Task item> Return the material below exactly, but only from the line with "Found in a Dallas" through the line with "Hands taking photo, recording", and without its pictures.

Given data>
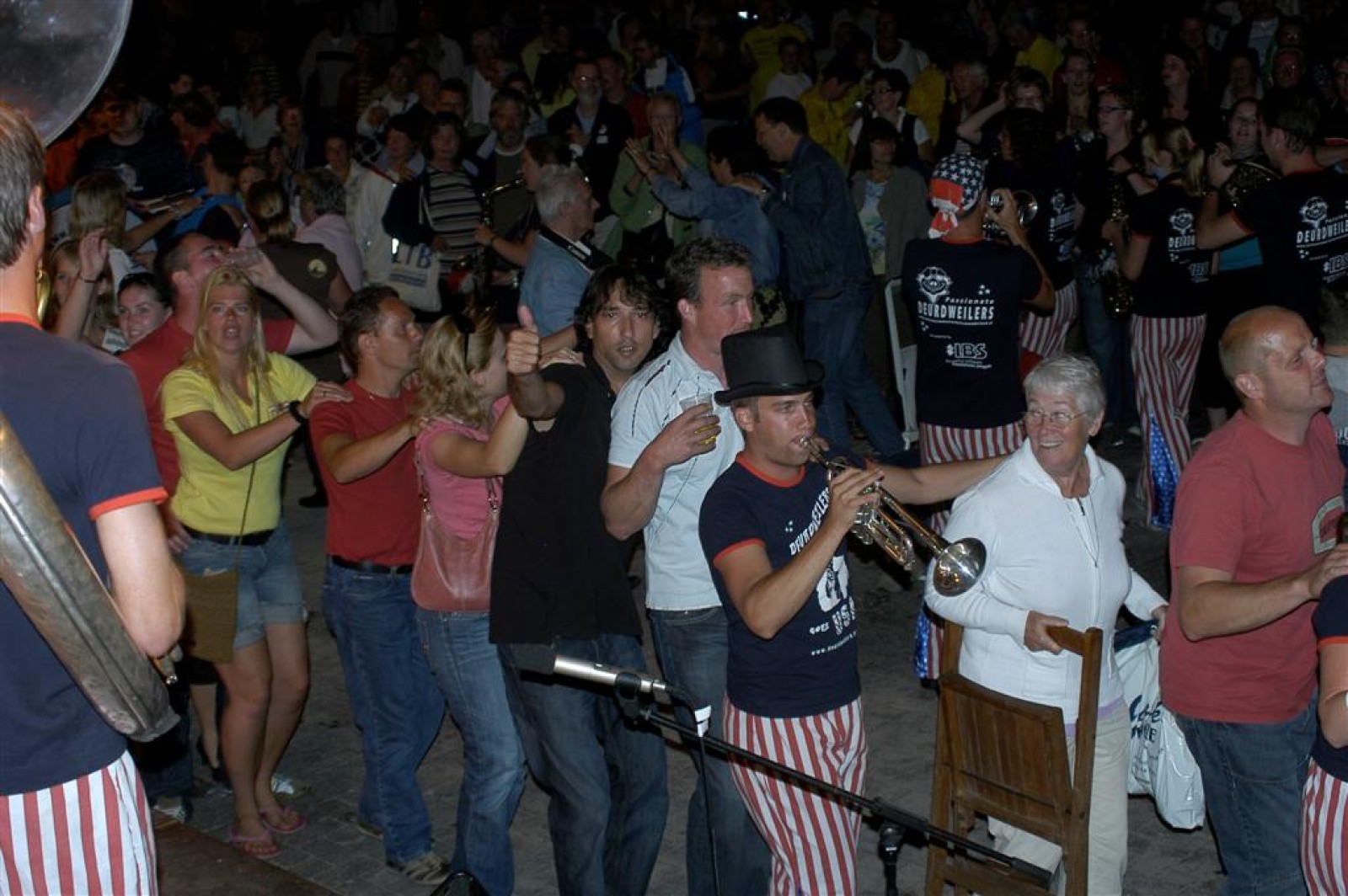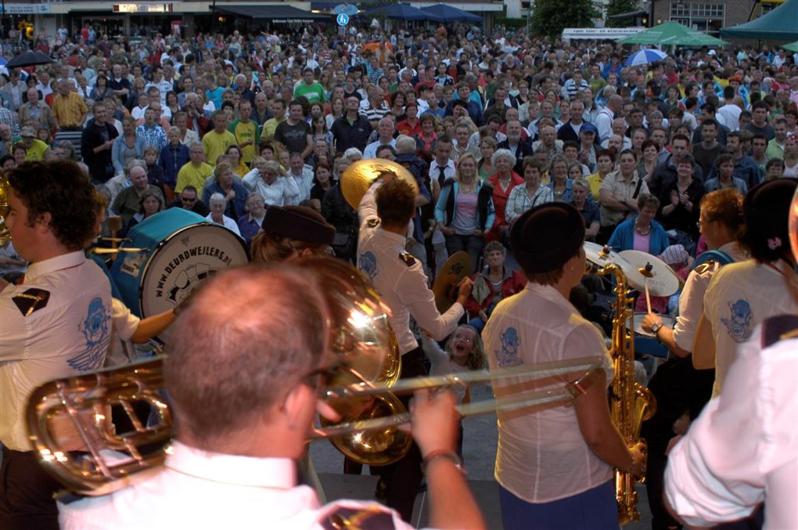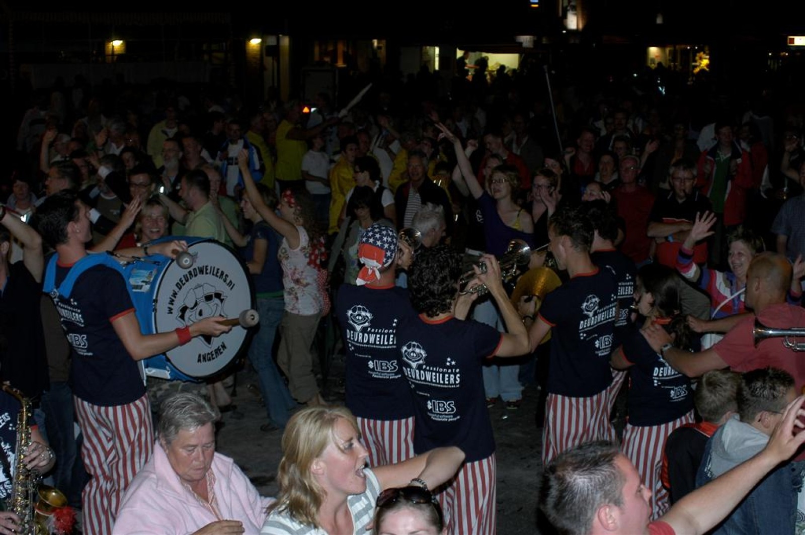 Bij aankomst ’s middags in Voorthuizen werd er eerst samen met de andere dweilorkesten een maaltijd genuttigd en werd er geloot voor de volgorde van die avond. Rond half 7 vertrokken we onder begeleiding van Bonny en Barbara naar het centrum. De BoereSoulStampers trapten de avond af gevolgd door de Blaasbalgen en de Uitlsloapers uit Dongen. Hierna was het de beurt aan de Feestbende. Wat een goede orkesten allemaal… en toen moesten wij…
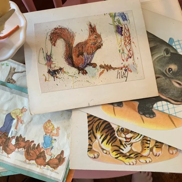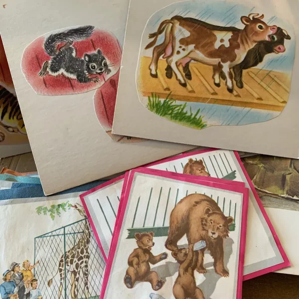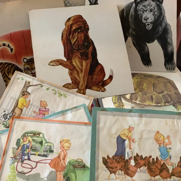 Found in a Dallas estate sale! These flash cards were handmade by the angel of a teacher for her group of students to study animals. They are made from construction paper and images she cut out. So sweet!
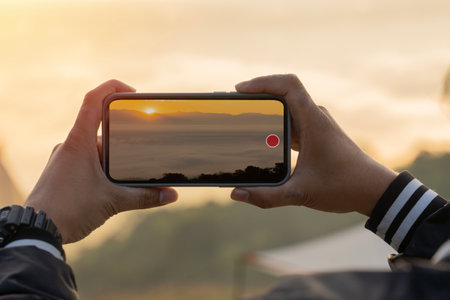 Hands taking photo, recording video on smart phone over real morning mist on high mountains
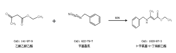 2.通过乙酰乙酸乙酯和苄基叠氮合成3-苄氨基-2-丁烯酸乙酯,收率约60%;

Output for this exercise>
 Found in a Dallas estate sale! These flash cards were handmade by the angel of a teacher for her group of students to study animals. They are made from construction paper and images she cut out. So sweet!
 Hands taking photo, recording video on smart phone over real morning mist on high mountains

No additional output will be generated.